Here are some major points raised by the survey which bear consideration:
– When five nations including the United States were presented as possible models upon which a new Iraqi government could be based, nearly 40 percent selected the United States;
– Nearly 60 percent of those asked have an unfavorable view of Osama bin Laden, and as Zogby was quick to point out, the survey was taken before terrorists from bin Laden's al Qaeda organization killed over 100 worshipers and clerics at one of Iraq's most important sacred sites;
– Almost three-quarters of those surveyed – 74 percent – feel that the representatives of Saddam Hussein's regime should be punished;
– While less than 30 percent knew of someone who had been killed during Operation Iraqi Freedom, half of those surveyed had a friend or family member who had been executed by Hussein's government; and
– Seven out of every ten people surveyed said that their lives and their country will be better in the next five years.

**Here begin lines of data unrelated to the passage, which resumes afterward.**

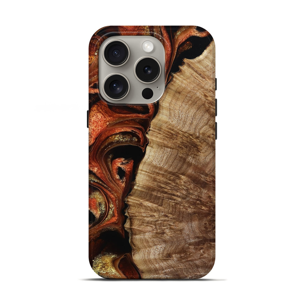 Our Live Edge cases are made from an amazing combination of stabilized wood burl and colored resin. Our stabilization process hardens the wood to protect against cracks and breaks. We do every step of the process at our shop in Northern Indiana. Perfectly fits the iPhone 16 Pro.
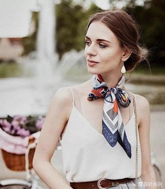 說起絲巾的各種圍法,就不得不說它的傳統的系在脖子上的圍法了,這種圍法很多變,有著各種結扣法。這種將絲巾當做項鏈的系法老少皆宜,將色澤萬千的絲巾化身為項鏈,纏繞在脖間,經典又優雅,實用又大方。
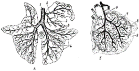 концевых бронхов с альвеолами. 1 - трахея; 2 - разветвление трахеи; 3 - главный
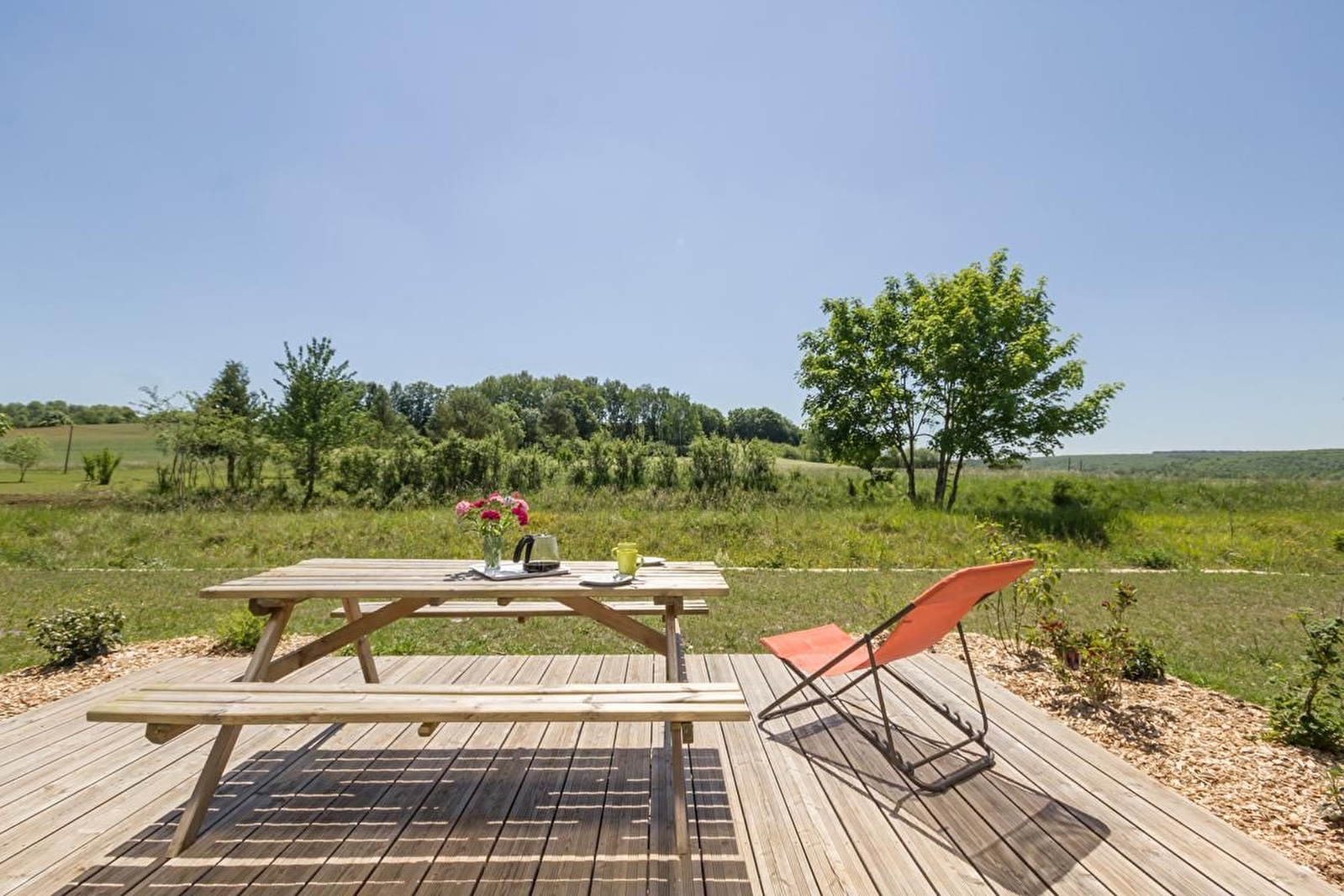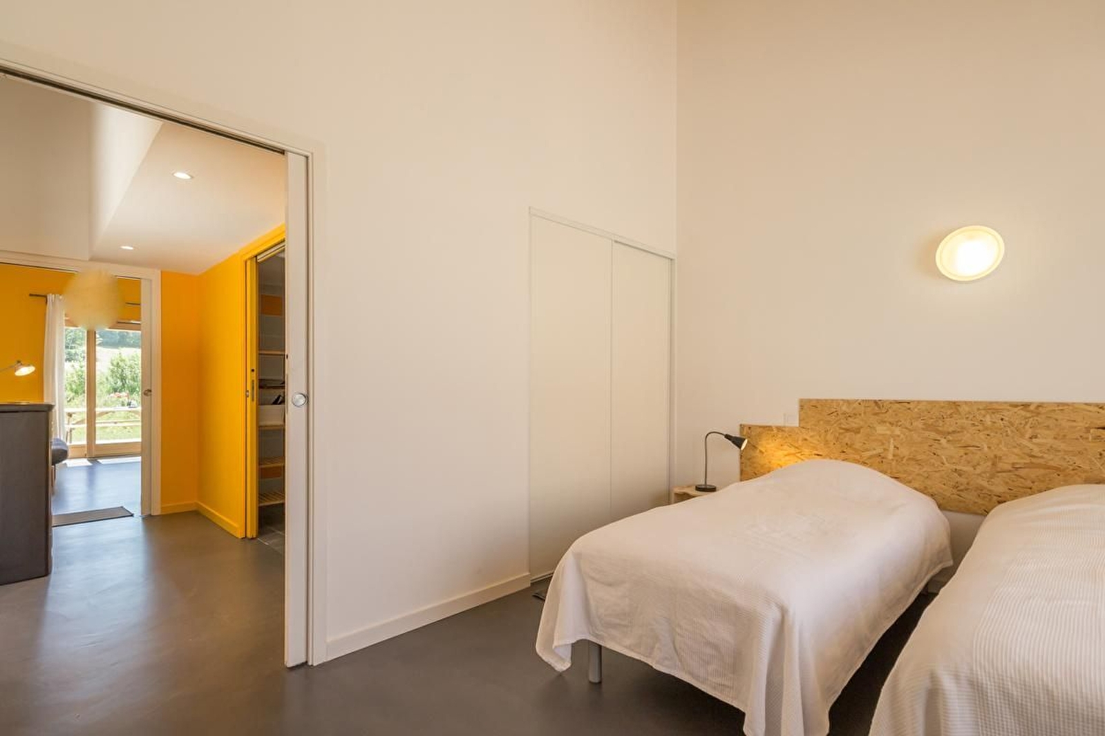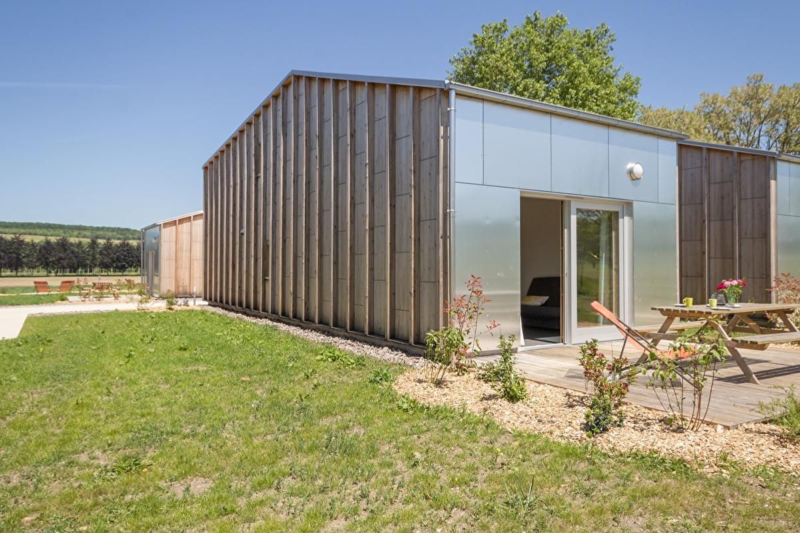 Au calme, en plein coeur du parc national de Forêts (en Champagne et Bourgogne), gîte contemporain en bois et aluminium sur 2 étages. Rez-de-chaussée en béton ciré : salon-salle à manger avec cuisine équipée et accès direct à une belle terrasse en bois. Une chambre 2 lits 80 jumelables. Une salle d'eau avec douche et WC. Etage : une chambre avec 2 lits 80 jumelables.

Seven out of every 10. That's 70 percent who believe that, regardless of the time it's taking to get the power infrastructure up and running, schools up and running, water systems operational and a government functioning, their lives will improve.
Academy night around corner
For many years, members of Congress have been privileged to submit the names of extremely talented young men and women for consideration as nominees to one of our country's five service academies.
For those of you who may not be aware, high school students have been afforded the opportunity for quite some time to pursue professional and educational opportunities through our service academies.
These academies – the United States Military Academy at West Point, the Naval Academy at Annapolis, the Air Force Academy in Colorado Springs, the Coast Guard Academy at New London, and the Merchant Marine Academy at Kings Point – have produced some of the finest leaders in our nation's history.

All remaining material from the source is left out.